(Exercise details)
Pictures in the material below are to be left out, and only the lines from the line with "The Ravenna Top" up to and including the line with "これによりたるみやほうれい線" are to be written out exactly.

(Provided information)
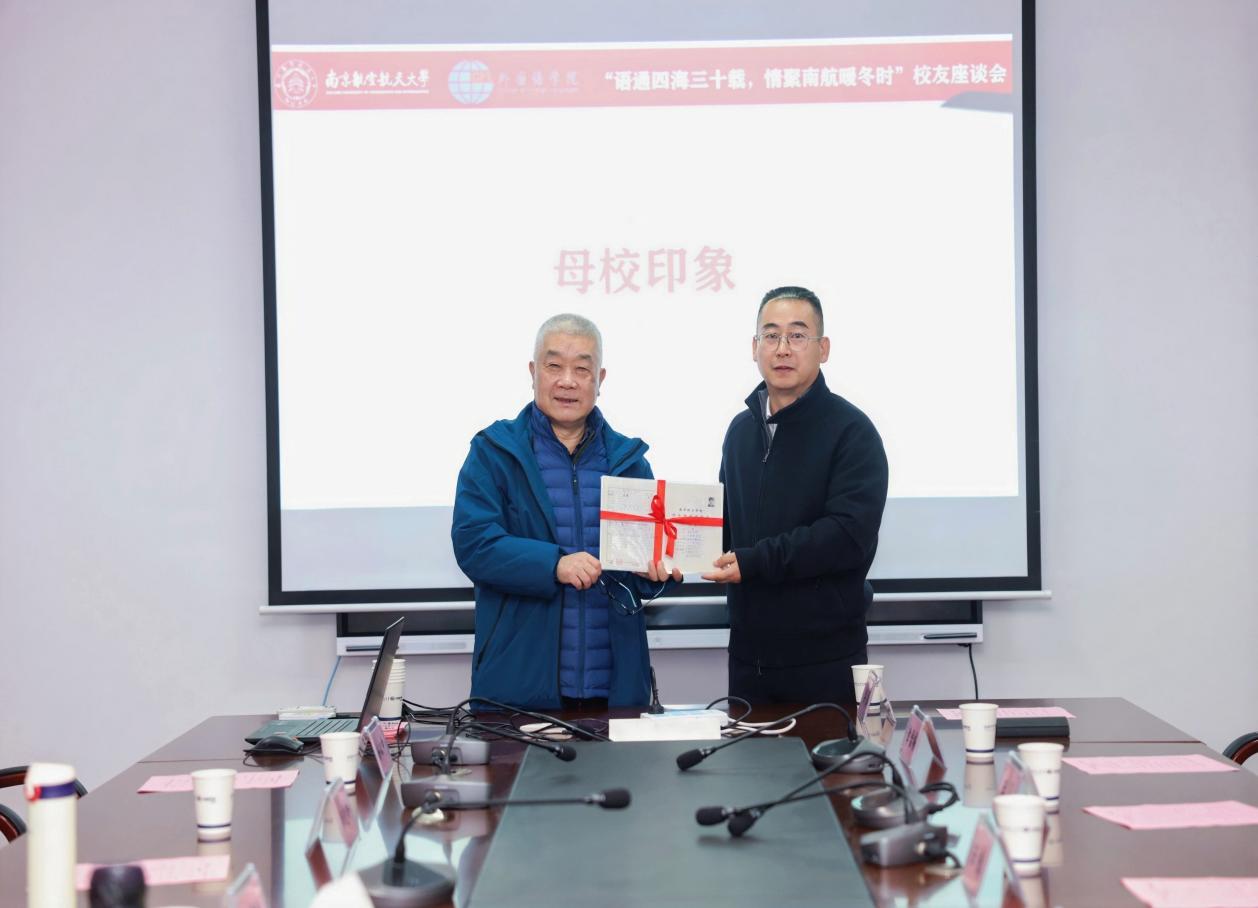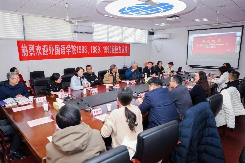 参观结束后,校友们满怀热忱地来到美高梅4688集团am,参加“语通四海三十载,情聚南航暖冬时”座谈会。现场气氛热烈非凡,美高梅4688集团am党委书记左彤云、院长徐以中,时任老领导、辅导员、班主任和专业教师代表齐聚一堂,座谈会由学院党委副书记吴科颖主持。
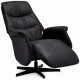 Delta Recliner i sort læder er en elegant og komfortabel lænestol med manuelle funktioner. Den er betrukket med en kombination af ægte læder og PVC for et eksklusivt udtryk, men til en overkommelig pris. Med sin drejefunktion, justerbare nakkestøtte og integreret fodskammel er denne stol ideel til afslapning i hjemmet.
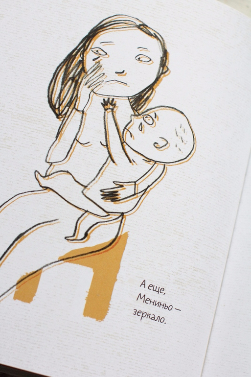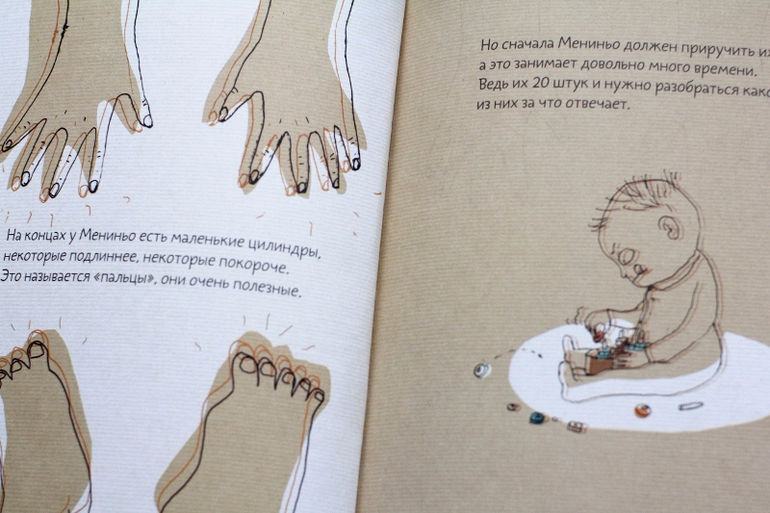 Это книга о детях. Но необычная:) Этакая инструкция по эксплуатации младенца, комическая и печальная одновременно. Наверное, именно из-за этого контраста смешные странички так смешат, а от серьёзных начинает щипать в носу.
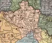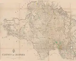 The "Melbourne and County of Bourke Police" was the name for the police force in the area before 1853. The County of Bourke was used on the name of the electoral roll in 1845.[2] There was also the "Bourke County Court" in the 1850s,[3] which became the County Court of Victoria. Melbourne is also referenced as being in "Bourke county" in the Encyclopædia Britannica Eleventh Edition.[4]
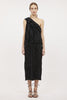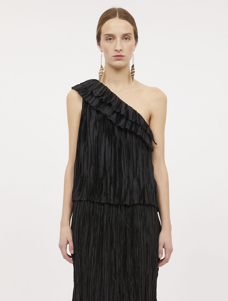 The Ravenna Top is a white sleeveless style, crafted from our signature crushed plissé satin. This one-shouldered silhouette is defined by a delicate double-ruffle detail along the shoulder and is finished with a side-seam zipper.
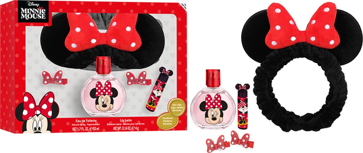 Das Minnie-Mouse-Geschenkset bietet kleinen Fans eine charmante Zusammenstellung: Ein Kinderparfum (50ml) mit einem zauberhaften Duft, ein stilvolles Haarband mit roter Minnie-Mouse-Schleife, einen pflegenden Lipbalm und zwei niedliche Haarclips mit der unverkennbaren Minnie-Mouse-Schleife. Diese liebevoll gestalteten Accessoires machen das Set zu einer wunderbaren Geschenkidee oder einem Highlight für besondere Momente.
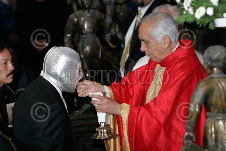 MÉXICO, D.F., 05FEBRERO20009.- El Hijo del Santo, cuyo padre fue el Santo "El Enmascarado de Plata", asistió a la misa en honor a su padre quien cumple 25 años de su muerte, el servicio religiosos se realizó en la Catedral Metropolitana, lo acompañaron amigos de la familia, seguidores y luchadores. FOTO: IVÁN MENDEZ/CUARTOSCURO.COM
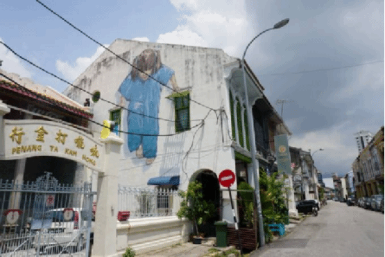 除了这些大大小小的壁画以外,充满旧的风情的南洋建筑也是一大看点。
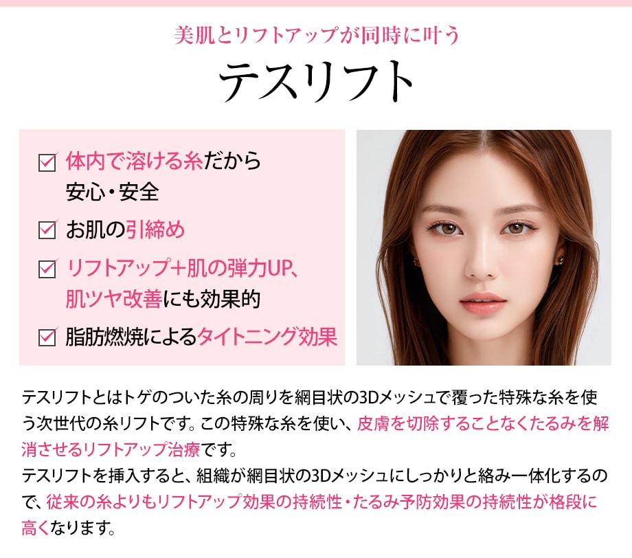 これによりたるみやほうれい線、マリオネットラインや、フェイスラインのもたつきを改善します。 また、糸が挿入されたことの刺激でコラーゲンが増生され、肌のハリツヤをアップさせる美肌効果も。
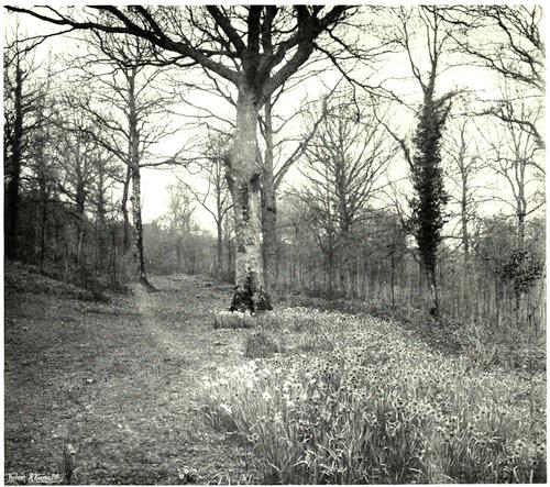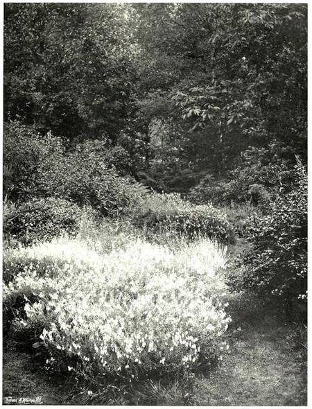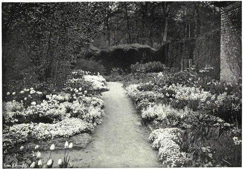 It is the year's first complete picture of flower-effect in the woodland landscape. The place is not very far from the house, in the nearest hundred yards of the copse; where flowers seem to be more in place than further away. Looking to the left, the long ridge and south slope of the house-roof is seen through the leafless trees, though the main wall-block is hidden by the sheltering Hollies and Junipers.
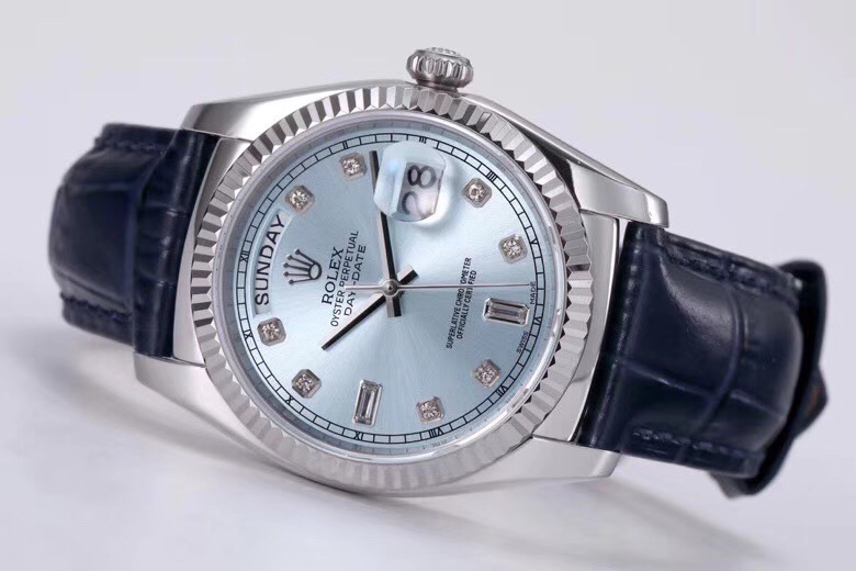 Rolex Day-Date 36mm 40mm Dial Diamond Ice Blue White Gold Blue Leather 118139
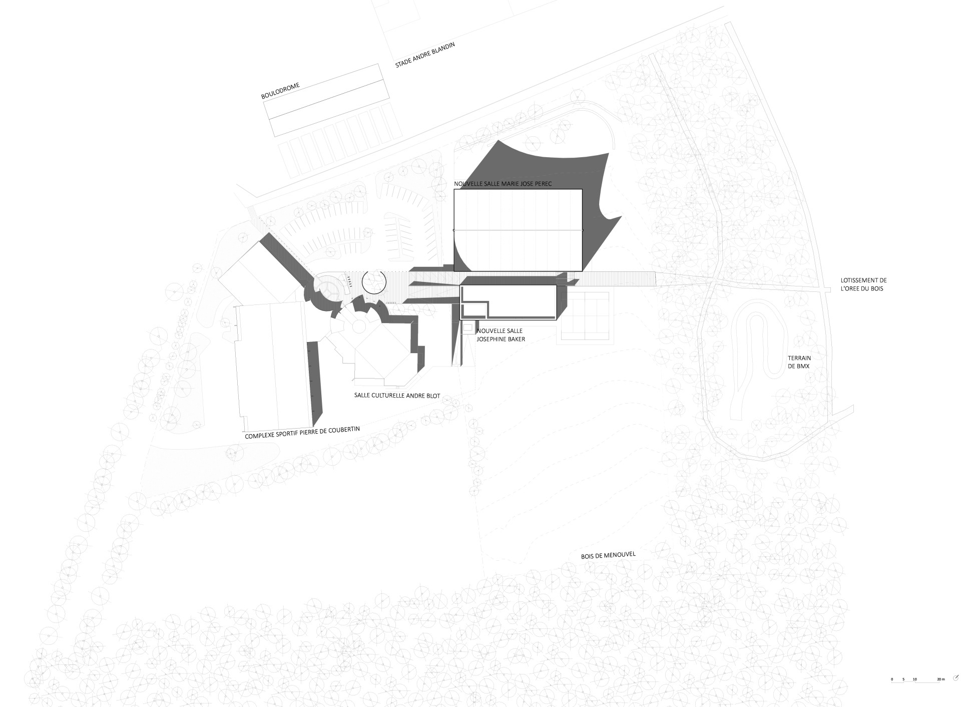 V pětitisícové bretaňské obci La Bouëxière vznikla nová budova sportovního a kulturního centra, kterou navrhlo studio onzE04 pro místní samosprávu. Dům stojí vedle stávajících sportovišť, školy a kulturních zařízení a do budoucna se počítá s další školou na sousedním pozemku. Projekt tak zapadá do širšího rozvojového území na okraji obce, které je určené pro občanskou vybavenost hlavně z odvětví sportu a vzdělávání.

(Reply)
 The Ravenna Top is a white sleeveless style, crafted from our signature crushed plissé satin. This one-shouldered silhouette is defined by a delicate double-ruffle detail along the shoulder and is finished with a side-seam zipper.
 Das Minnie-Mouse-Geschenkset bietet kleinen Fans eine charmante Zusammenstellung: Ein Kinderparfum (50ml) mit einem zauberhaften Duft, ein stilvolles Haarband mit roter Minnie-Mouse-Schleife, einen pflegenden Lipbalm und zwei niedliche Haarclips mit der unverkennbaren Minnie-Mouse-Schleife. Diese liebevoll gestalteten Accessoires machen das Set zu einer wunderbaren Geschenkidee oder einem Highlight für besondere Momente.
 MÉXICO, D.F., 05FEBRERO20009.- El Hijo del Santo, cuyo padre fue el Santo "El Enmascarado de Plata", asistió a la misa en honor a su padre quien cumple 25 años de su muerte, el servicio religiosos se realizó en la Catedral Metropolitana, lo acompañaron amigos de la familia, seguidores y luchadores. FOTO: IVÁN MENDEZ/CUARTOSCURO.COM
 除了这些大大小小的壁画以外,充满旧的风情的南洋建筑也是一大看点。
 これによりたるみやほうれい線、マリオネットラインや、フェイスラインのもたつきを改善します。 また、糸が挿入されたことの刺激でコラーゲンが増生され、肌のハリツヤをアップさせる美肌効果も。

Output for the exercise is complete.